And so the nonsense continues to engulf my life.
“When are the newsrounds coming back?” they bleat.
How can I answer that when I have no permanent home? My business has no power? I look at my thirteen month old baby playing in her cot in a foreign room in a foreign place, oblivious to my troubles, and I think to myself: “Why should I give a fuck about these people?” I don’t. I only care for my baby and my family. Everything is peripheral now.
We have a new loss adjustor because I had no faith in the last one. This one is no better, so it is time to fight fire with fire. We rise to the fight. We love a good scrap. The fights we win and lose define who we are. Again, we cannot get any business interuption payments until we actually work the business. How do you work a business that is smashed beyond all control? We had to take out an emergency overdraft to cover the commercial mortgage. The business manager says: “Even if you don’t recover, we are alright. You have a small mortgage. We’ll get our money back and more just selling your property at land value.”
The vultures continue to circle…
The only glimmer of hope involves getting someone on our side. I speak to my accountant (he’s good, he’s expensive, he drives a very expensive car and has a motorbike, despite being too old for either). He tells me what I already know that the loss adjustor is only looking after the bank and insurance company’s interest because we have our insurance and mortgage covered by the same company. My accountant reckons that we could “clean up” with this if we get the right people working on side. I’m not interested in cleaning up, just getting my business and home back in one piece so that I can support my baby.
He gets me to talk to his partner at the accountancy who puts a man in touch with me. This fellow is a Greek Cypriot from North London. He shares a name with my best friend when I was seven years old. Like my accountant, we have that spark, we can talk the talk. Even though I have never met this guy, I instantly trust him. The same can’t be said for either of the loss adjustors. Shame he’s going to take 10% of the cost of the claim, but the stakes are higher than 10% and when the odds are stacked against you, you need someone to level the playing field, even if it does cost a lot.
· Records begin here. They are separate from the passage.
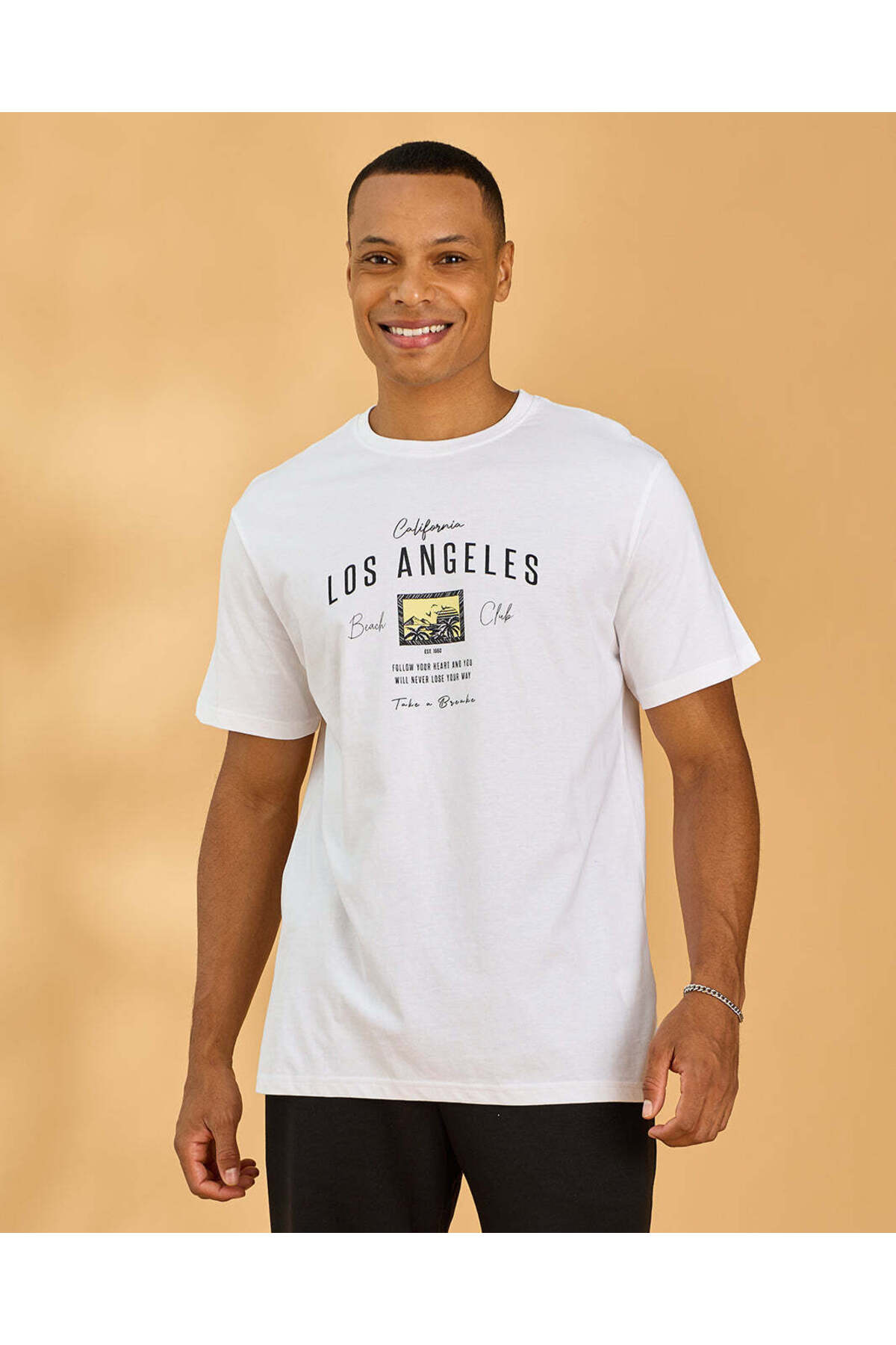 REDTAG تيشيرت رجالي أبيض برسومات أساسية
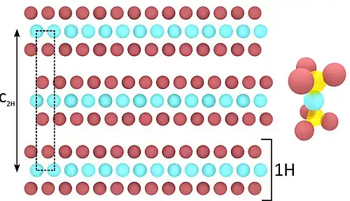 In the 2H phase the single trilayers are stacked one opposed to others, as shown in the relative image. Through molecular beam epitaxy it is possible to grow one single trilayer of 2H-TaSe2, also known as 1H phase. Basically, the 2H phase can be seen as the stacking of 1H phase with opposed relative orientation with respect to each others.[5]
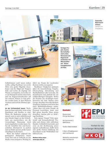 Baumeister Philipp Nachbaur (42) wohnt mit seiner Frau und seinen Kindern in Koblach. Er hat nicht nur das eigene Haus gebaut, sondern verhilft auch anderen dazu, ihr Bauprojekt zu verwirklichen. Träumen ist dabei ausdrücklich erwünscht.
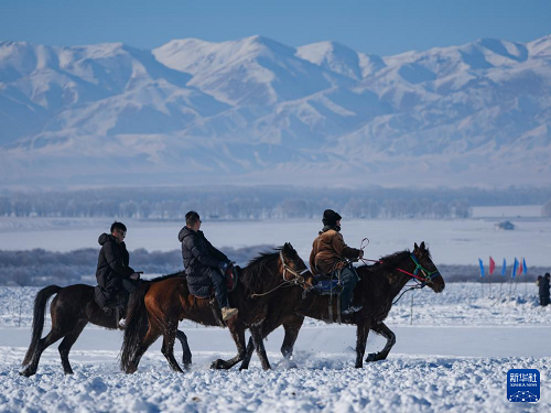 1月3日,在新疆昭蘇濕地公園,游客在當?shù)啬撩瘢ㄓ遥ьI(lǐng)下體驗雪地騎馬。(新華社記者 胡虎虎 攝)

Late on Friday, the new loss adjustor phones to introduce himself. He warns me that there is going to be a massive shortfall in the insurance cover to the building work, despite there being a fairly high figure set aside for that work. You only get 60% of that.
Luckily, I am a pretty clued up guy and so I’ve already put in a claim with the Motor Insurance Bureau. This organisation was set up to pay out compensation to those of us affected by uninsured or unknown drivers. I put my claim in last night. When I tell the loss adjustor, he appears to whoop with joy.
I also wonder why he insists that we can throw away all the chocolate and sweets from our business, despite them being unaffected by the crash and only needing a wipe off with a cloth. Surely, he should be saving money there?
It was heartbreaking to send back all the magazines to the wholesaler. They sent out a van especially to collect the stock and then took it off so they could credit me. They have been very good to me in the past and I cannot fault them.
The thing I find the hardest though is waking up in the mornings and crying.
I do not like this at all…
Hey Darren,
I came across your blog after seeing your You Tube video on the Ashbory bass. Nice composition and execution! I have one of these as well and enjoy playing it.
Hang in there with the rebuild! And don’t let the bastards grind you down!